Habitability is broadly defined as an environmental state with liquid water, chemical disequilibria, and the elemental and organic molecules needed for life as we know it. In addition to having the basic ingredients for life, habitable environments must also exist within the pressure, temperature, pH, and water activity boundaries that allow cells to persist (Dartnell, 2011). Could life as we know it survive in liquid water environments elsewhere in the solar system? A practical strategy for assessing habitability quantitatively is to determine the physicochemical conditions that would make life possible on extraterrestrial ocean worlds. (Hereafter, “ocean” refers to Earth’s ocean and “ocean worlds” refers to oceans on other extraterrestrial bodies.) These conditions include the availability of water, sufficient nutrients (e.g., C, N, P, S, Fe) in bioavailable forms, and energy that could be used by life. In most cases, these conditions are completely unconstrained by present observational data because it is difficult to access subsurface liquid water environments beyond Earth. However, as exploration of icy ocean worlds matures from initial reconnaissance to more in-​depth characterization, opportunities will arise to obtain critical information about physicochemical conditions of ocean worlds (Hand et al., 2020). Near-term opportunities may involve serendipity, such as plume eruptions from the ocean on Saturn’s moon Enceladus, or less direct sources of information, such as the compositions of planetary surfaces or atmospheres of ocean worlds (for an overview, see Glein and Zolotov, 2020).

 

What do we know about the ocean habitability of Earth, Europa, and Enceladus?

Earth

Earth is the only planetary body in the universe that we know for certain is inhabited. Every drop of water in our ocean is potentially habitable and likely inhabited by a diverse array of life. This habitability is due to multiple factors: critical nutrients are recycled through ocean circulation, pH is buffered by Earth’s carbonate system, and clement temperatures and pressures are maintained largely due to Earth’s atmosphere, to name a few (Langmuir and Broecker, 2012). Ocean circulation exerts a fundamental control on Earth’s ocean habitability at a variety of spatial scales and is critical for moving heat and dissolved gases, as well as nutrients needed for life, throughout the ocean (Siedler et al., 2013). Ultimately, the habitability of Earth’s ocean also depends on plate tectonics, which creates new oceanic crust that provides fresh substrates for life (Korenaga, 2012) and results in water-rock reactions that lead to the discharge of nutrient-rich waters at hydrothermal vents and at other seafloor locations (Govenar, 2012). Subsequent rock weathering releases critical nutrients, such as phosphorus, that would otherwise limit the growth of marine life.

 

Europa

The possibility for developing a biosphere on ice-capped ocean worlds with limited sunlight, such as Jupiter’s moon Europa, likely depends on the upward movement of reduced chemicals from the moon’s silicate interior to its ocean via water-rock reactions at the ocean floor (Vance et al., 2016) and the downward movement of oxidants (e.g., H₂O₂; Carlson et al., 1999) via the ice shell into the liquid ocean from the irradiated surface (see Schmidt, 2020, for a review).
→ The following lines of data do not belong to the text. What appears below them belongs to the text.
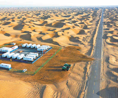中國石油塔里木油田塔中1號公路旁的2113隊沙漠營地。
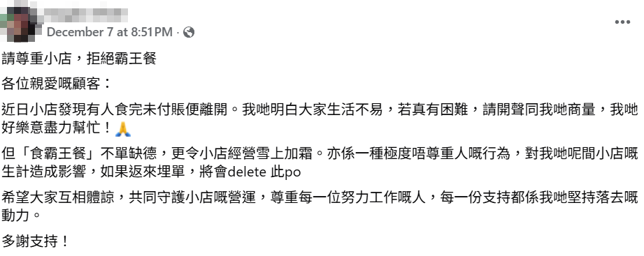 該間米線店的高層近日在facebook群組「沙田/馬鞍山之友」發帖,寫道:「請尊重小店,拒絕霸王餐」,指發現一名女食客用餐後未有付款便離開,並呼籲:「我哋明白大家生活不易,若真有困難,請開聲同我哋商量,我哋好樂意盡力幫忙!但食霸王餐不單缺德,更令小店經營雪上加霜。亦係一種極度唔尊重人嘅行為,對我哋呢間小店嘅生計造成影響,如果返來埋單,將會delete 此po。希望大家互相體諒,共同守護小店嘅營運,尊重每一位努力工作嘅人,每一份支持都係我哋堅持落去嘅動力。」
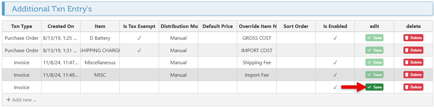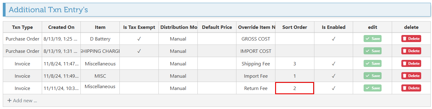 The Additional Transaction Entries feature enables items to be added to the default layout of a transaction, allowing for the inclusion of specific items or fees when necessary. This feature is commonly utilized for shipping fees and related costs, as it enables the efficient assignment of prices to predefined fees.
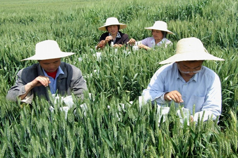 图为:农场农业科技人员在做小麦杂交授粉(李峰)
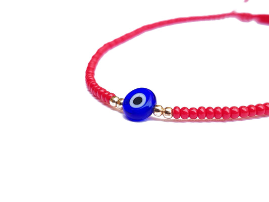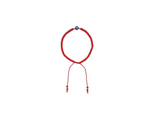 Pulsera Cristal Rojo con Ojo Turco Azul
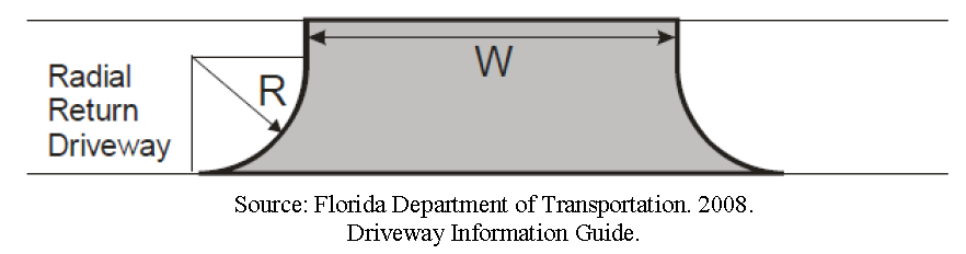 Driveway apron. Installation of an asphalt or concrete driveway apron may be required for any nonresidential driveway connecting to a county road. When a driveway apron is required, the minimum driveway radius for a shall be 15 feet for commercial and multi-family residential development and 25 feet for industrial development.
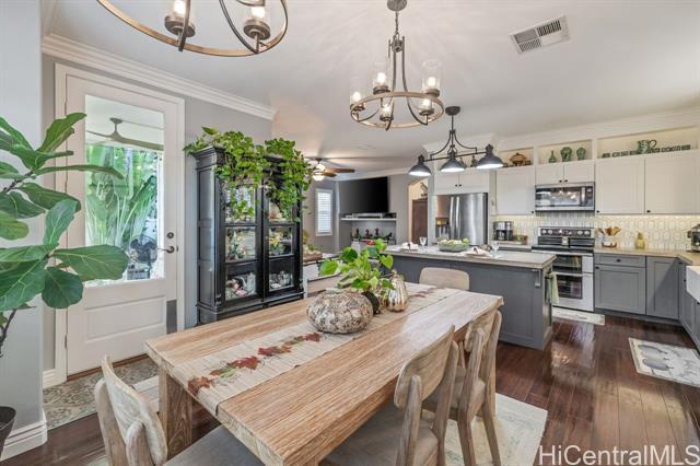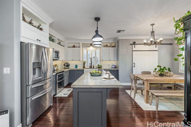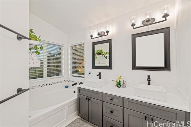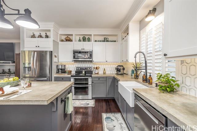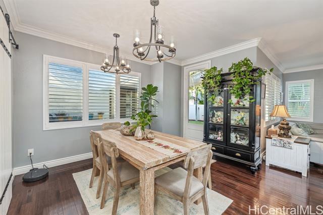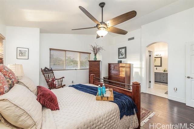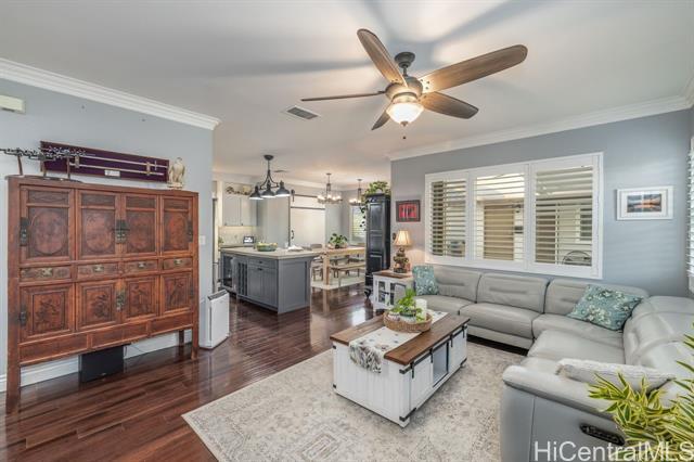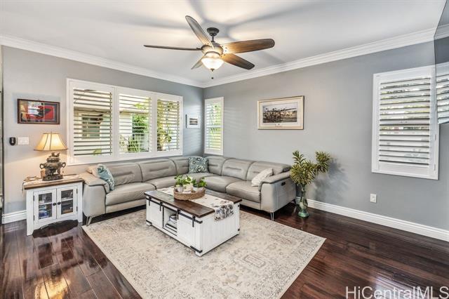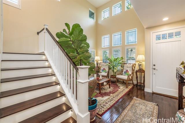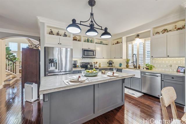 Welcome Home to this incredible sanctuary boasting 5 bedrooms and 4 full baths on a corner lot with a detached studio showcasing a full bath and wet bar in the prestigious Ocean Pointe neighborhood. This stunning home features spectacular features in every room from its custom chef inspired kitchen to its meticulous landscaped private backyard oasis. No expense was spared or overlooked in this sophisticated modern day masterpiece. The primary bedroom has a serene spa like bathroom with a with his and hers sink. The hand scraped hardwood floors with wood baseboard throughout. Thoughtfully designed with an expansive 2,436 square feet of interior living space, 48 solar panels and 3 Tesla Batteries. Minutes away from Ka Makana Ali'i mall, beaches, schools, world famous golf courses and dining. Come see for yourself what everyone is talking about. For those searching for a stunning retreat, Welcome home.
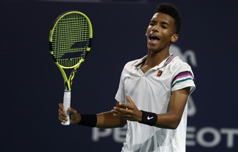| Le Canadien Félix Auger-Aliassime lors de sa victoire contre le Croate Borna Coric à Miami, le 27 mars. |
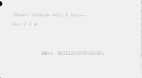 //// f //// Vänner drickom märg i ben... Se: U 8 a //// KB:s skillingtrycksreg. i //// 1 i ////
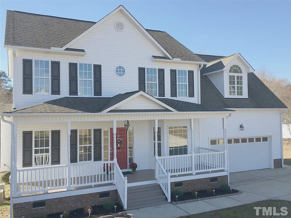 Welcome to this beautiful, transitional home, w/open floor plan, Move-In Ready. Great curb appeal situated in cul-de-sac w/mature trees on almost an acre. You'll enjoy your southern style front porch, welcoming front entrance w/side light windows. 2 car fin. gar. w/side entrance, full decking on back of home for entertaining, private wooded lot. Features Lg. Living room w/marble gas fp., Kit Isle/ceramic tile, SS Appl., Sep.Dining/Laundry room. Vinyl windows, Owner Suite/GardenTub, Lg. wic, ceil fans.
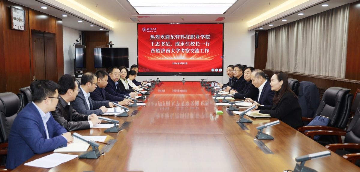 3月25日,东营科技职业学院党委书记王志、校长成永江一行来校交流访问。校长刘宗明,党委常委、副校长王霞,学校办公室、组织部、人力资源处、教务处、继续教育学院等部门负责人参加座谈会。
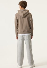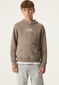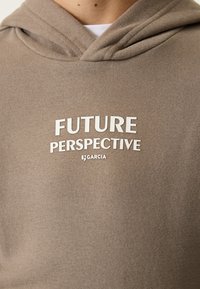 Sweat à capuche marron avec le texte « FUTURE PERSPECTIVE », poche avant ; associé à un jean large gris clair et des baskets blanches. Fond uni.
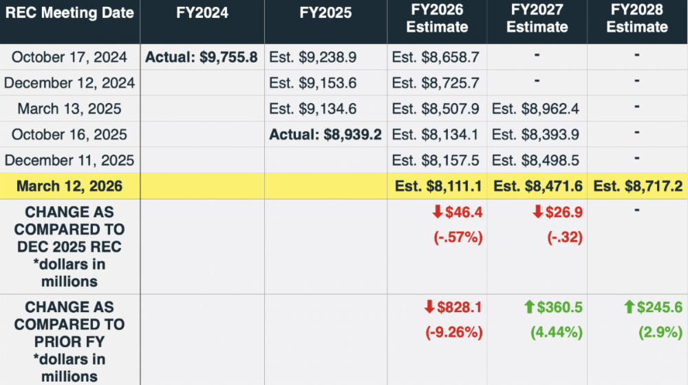FY 2026 (began July 1, 2025): Thursday's REC estimate for FY26 is lower than the December 2025 REC estimate by $46.4 million. The REC now estimates net receipts for FY26 will be $8,111.1 billion, which is $828.1 million (-9.1%) less than FY25 actual revenues.
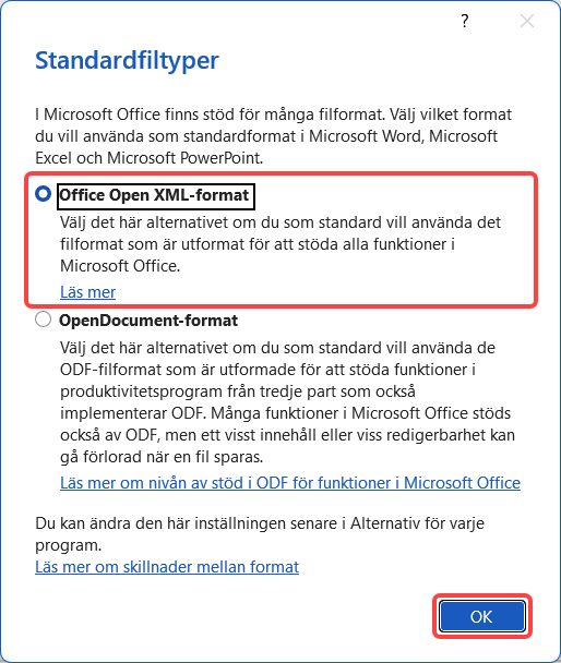 Rekommendationen är att välja Office Open XML-format för bredaste kompatibiliteten.
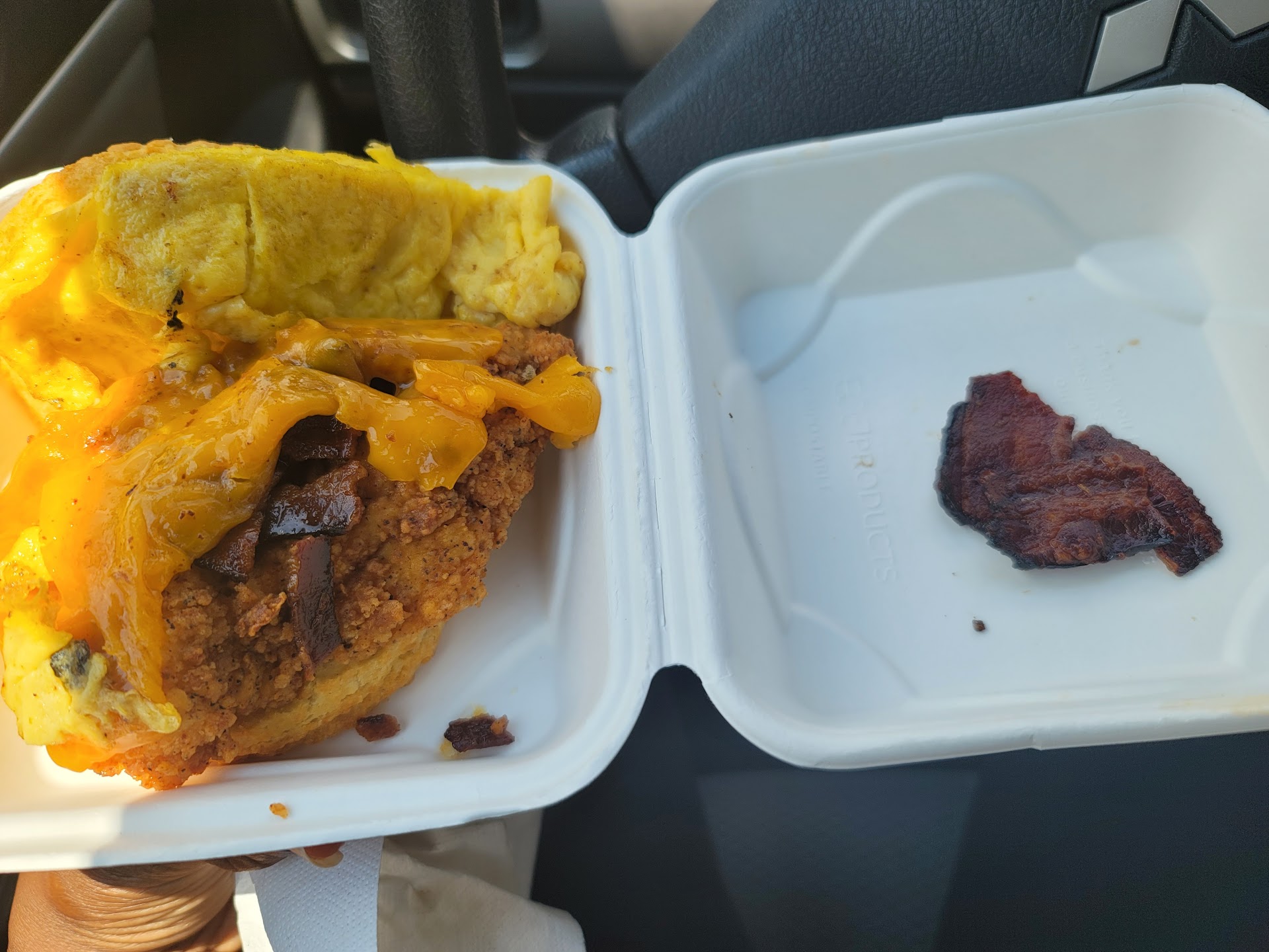 Bacon Too large pieces of bacon, which did not appear to be fresh. It was cooked perfectly. Well, it was a little of on texture - 6
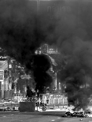 ③5月15日,泰国首都曼谷的金融区入口浓烟滚滚。 新华社/法新
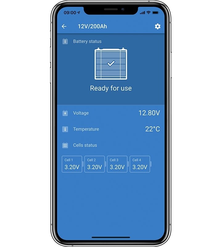 Met Bluetooth kunnen cel spanningen, temperatuur en alarmstatus worden gecontroleerd.
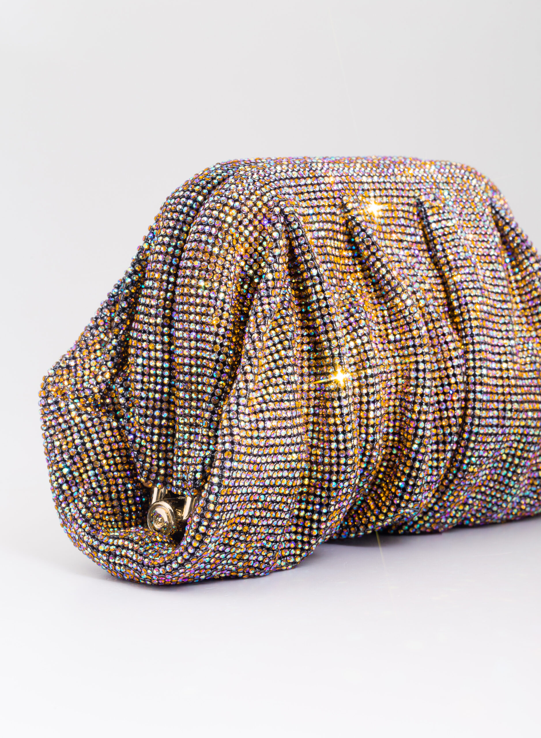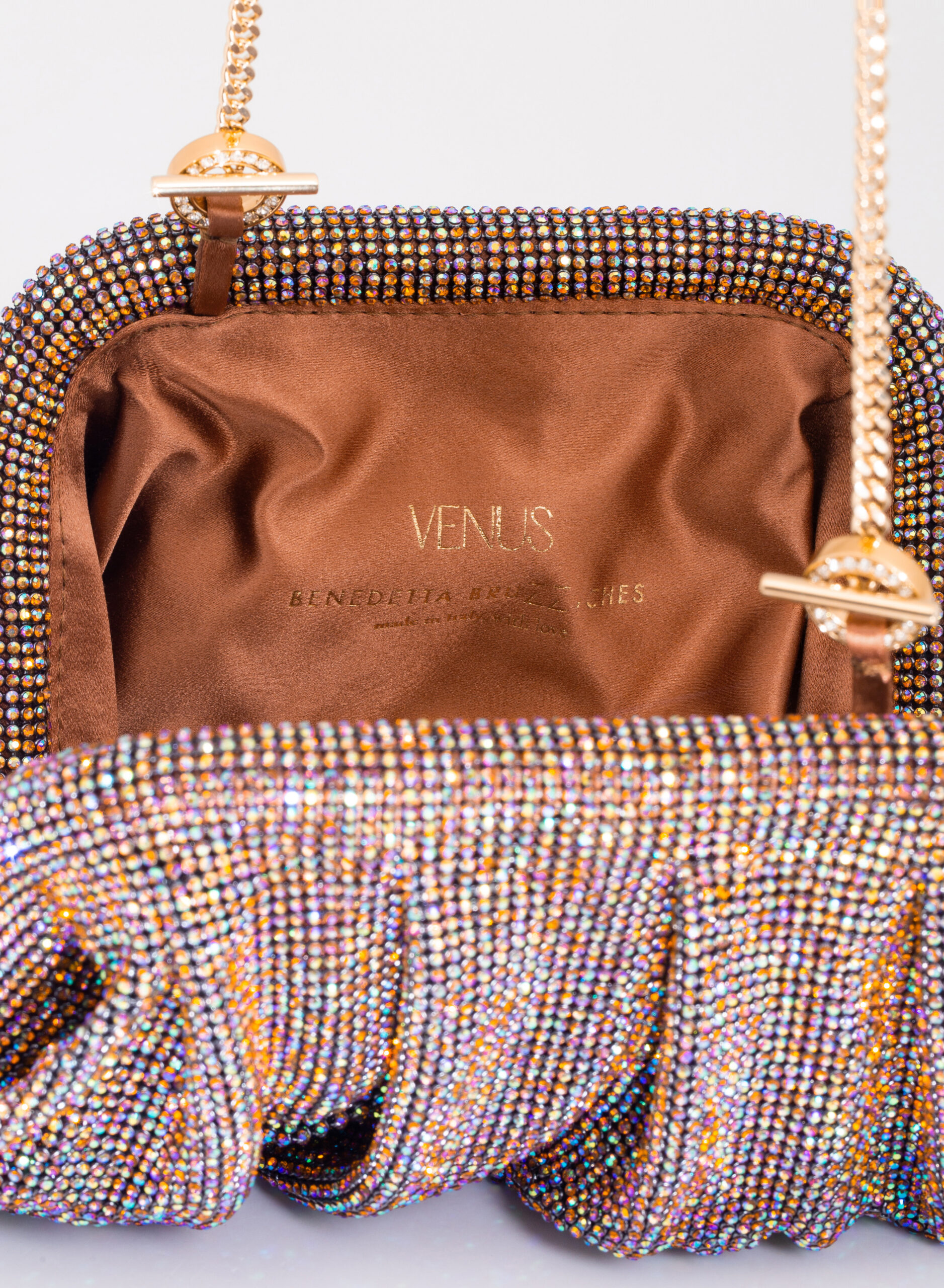 I welcome the love that flows through me like a wave that rolls, breaks on the rock and foams. Like a shower that smokes, boils and fertilizes the burning earth. Like a perfume that rises from the sea, it spreads and saturates the air around. So my body is reborn on Venus. This clutch is a tribute to the goddess of Love and Beauty and the magical moment in which every woman, who loves and is loved, is transformed. From mortal becomes goddess in a perfect personification of Venus. With soft and wavy shapes, Venus is made with a network of sparkling crystals sewn by hand with the same attention that would be devoted to a jewel. Inside, a silk satin clutch is ready to welcome the necessary for an evening out.

This exchange is highly likely on Europa and could provide energy to support a dark biosphere (Chyba, 2000; Chyba and Phillips, 2001; Hand et al., 2009). Russell et al. (2017) argue that areas of relatively high oxidant fluxes at the icy lid of a Europan ocean should be expected to be highly biologically productive. The details of how these fluxes may occur are currently unknown, but evidence for global tectonism (Pappalardo et al., 1998; Doggett et al., 2009; Kattenhorn and Prockter, 2014) and recent cryo­volcanic activity (Schmidt et al., 2011; Roth et al., 2014; Sparks et al., 2017; Jia et al., 2018) suggests that current ice-​ocean exchange is possible via ice shell processes on Europa. With tidally induced magmatic activity providing global energy to Europa, it is possible that the conditions to support life have existed on this moon over the history of the solar system (Běhounková et al., 2021).

 

Enceladus

Exploration of Enceladus by NASA’s Cassini mission provided important lessons on how we can investigate the habitability of an extraterrestrial ocean world (Cable et al., 2021). As an example, Cassini found hydrogen gas (H₂) in a plume that emanates from fractures in the south polar terrain. The likely source of H₂ is ferrous iron oxidation via water-​rock reactions that occur below Enceladus’ seafloor (Waite et al., 2017). Using a combination of mass spectrometry measurements in the plume and geochemical modeling of carbonate equilibria, researchers constrained the pH of Enceladus’ ocean to ~9 (Glein et al., 2015; Glein and Waite, 2020). Enceladus also taught us that hydrothermal processes (Hsu et al., 2015) can be a critical component of energy generation on ocean worlds beyond Earth (Choblet et al., 2017). The abundance of H₂ was found to be sufficiently high for methanogenesis to be energetically feasible (Waite et al., 2017; Taubner et al., 2018). A recent statistical study by Affholder et al. (2021) suggests that methanogens may be the most probable source of observed methane if the origin of life is not an improbable event there. Surface-derived oxidants and oxidants produced as a result of decay of dissolved radioactive ⁴⁰K within the ocean could also contribute to supplies of chemical energy in Enceladus’ ocean but to a lesser extent than does methanogenesis (Ray et al., 2021).

 

To what extent can Earth’s ecosystems serve as analogs for other ocean worlds?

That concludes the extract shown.